Wolff's growing corpus of movie soundtracks includes Dark Angel and The Tic Code (2000), a feature for actor-dancer Gregory Hines, that was semi-autobiographical in its depiction of the Tourette's Syndrome with which Wolff copes. His five-and-a-half year stint as musical director of the Arsenio Hall Show heightened his visibility and gave him the occasion to meet his wife, actress and writer/director Polly Draper. He is producer, and Draper writer-director of the smash hit Nickelodeon cable TV series The Naked Brothers Band, starring their sons Nat, 12, and Alex, nine (Wolff appears regularly as the boys' "hapless, accordion-playing dad"), and he produced his first music video for 2006's Love and Destruction's plaintive "Underwater," shooting on location in post-Hurricane Katrina New Orleans.

Described as a "Renaissance Man" by Miami New Times, Wolff won praise for his surprising CD Love and Destruction, his first to feature vocals on all songs. Add to that his virtuoso piano playing, his amalgam of rock-jazz and his World music-inspired live performances, and you have the makings of a multi-faceted artist, unafraid of labels and boundaries. In fact, The New York Times praised Wolff as "A pianist and vocalist with a style both global and contemporary." "It's not a sudden departure," Wolff says of his video efforts, as well as his affectively husky and hushed singing on Love and Destruction. "I'm making developmental steps.

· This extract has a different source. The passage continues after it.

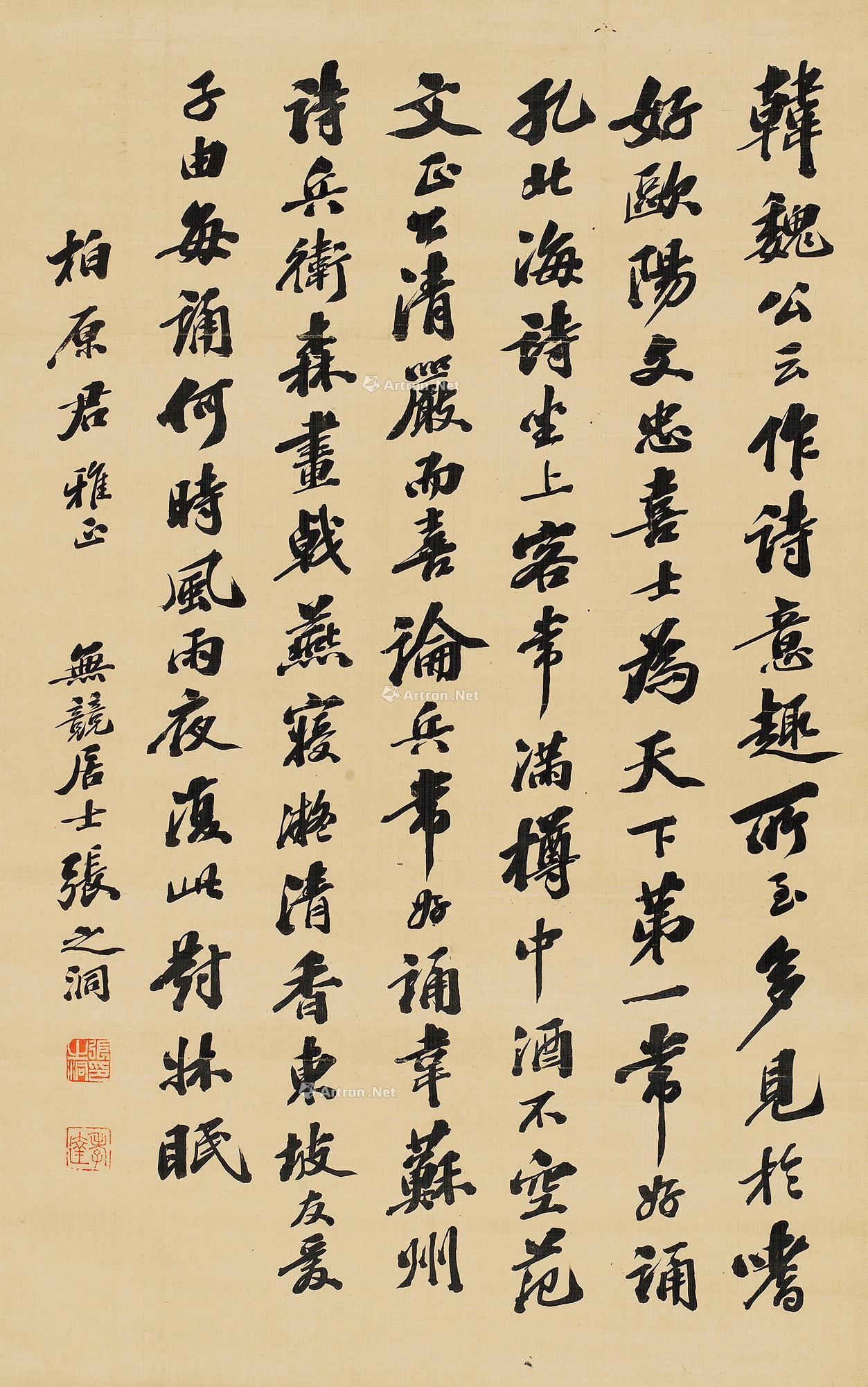 行书七言诗 立轴 金笺 |

I've had some interesting years doing a lot of different things, and that was where I arrived." Wolff's late night, blue light singing on the CD brought new cool to an inspired selection of rock/pop classics as well as his own tunes about the well-lived life, now. JazzTimes Magazine raved that Michael Wolff is "one of the most innovative and dynamic pianists of his generation." "Wolff proves himself an exceptionally astute vocal stylist. His sound, a rock-jazz hybrid that exists somewhere in the vast expanse between Donald Fagen and Mark Murphy, is at once as distinctly powerful and as cunningly seductive as his playing." At radio, Wolff generated airplay on Acoustic Café and other key outlets. Starbucks put four tracks in rotation, in 5000 locations nationwide.